Page MenuHomePhabricator

Multiple extensions' CI blocked again by cache corruption error in mwgate-node16-docker
Closed, DuplicatePublic

Description

Similar to T349986

Example output:

11:55:57 npm ERR! errno FETCH_ERROR
11:55:57 npm ERR! invalid json response body at https://registry.npmjs.org/zwitch reason: Invalid response body while trying to fetch https://registry.npmjs.org/zwitch: ENOENT: no such file or directory, stat '/cache/_cacache/content-v2/sha512/c4/13/4b9344a9b882cbfb7cb906102c2e604f34898d68810f1d66155b0e20d655acb63a5ff56f70e6e3ed49b8e9f386fe3ea02a636dd5a35d53ddaa35816fb787'

See https://integration.wikimedia.org/ci/job/mwgate-node16-docker/90347/console

Event Timeline

Jdforrester-WMF renamed this task from Wikibase CI blocked again by cacache corruption error in mwgate-node16-docker to Multiple extensions' CI blocked again by cache corruption error in mwgate-node16-docker.Nov 29 2023, 3:32 PM

That is the same issue described on T295351 which to me is most probably a race condition specially showing up when there are a lot of patches being merged (and thus updating the cache on the fly).
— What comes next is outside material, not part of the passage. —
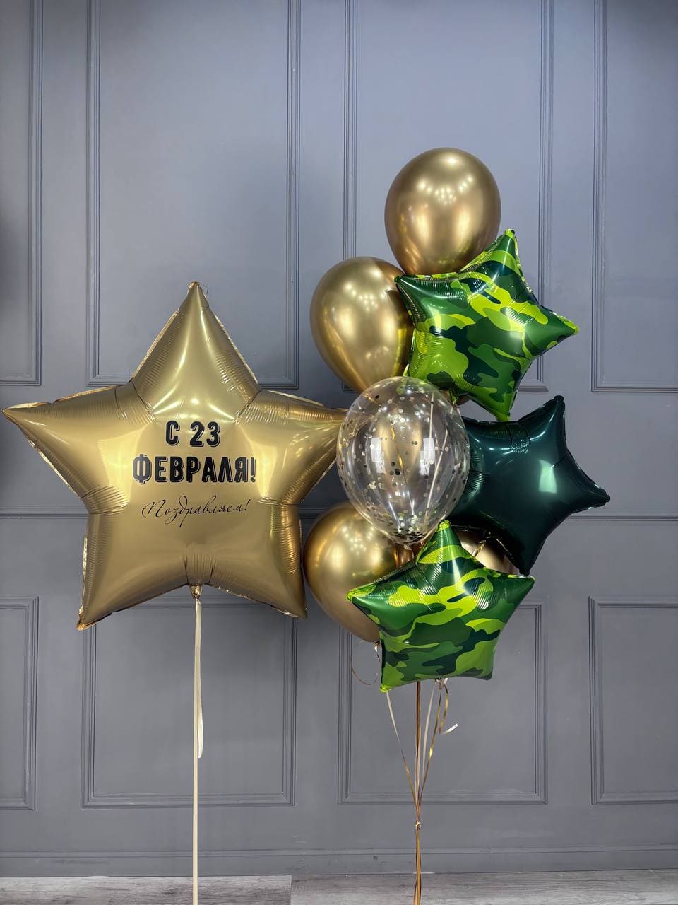Стильная композиция из фольгированных и латексных шаров в золотых и камуфляжных оттенках — эффектное поздравление с 23 февраля. В набор входит большая золотая звезда с надписью «С 23 февраля!», звёзды в камуфляжном и тёмно-зелёном цвете, прозрачный шар с конфетти и золотые шары.

That is the case currently since for the last 3 hours CI has been hammered by a series of changes for T352284. See list at https://gerrit.wikimedia.org/r/q/topic:lsc-T352284

Mentioned in SAL (#wikimedia-releng) [2023-11-29T20:37:41Z] <James_F> Ran jforrester@integration-castor05:~$ sudo rm -fR /srv/castor/castor-mw-ext-and-skins/master/mw*-node16-* for T352305

It was working briefly, but now it's corrupted again it seems. :-(

I think it’s working better now? I haven’t encountered this error today (or, as far as I remember, yesterday).

I think it’s working better now? I haven’t encountered this error today (or, as far as I remember, yesterday).

Yes, so far it seems to have stabilised as working, but it seems that it's just an unfortunate event away from recurring.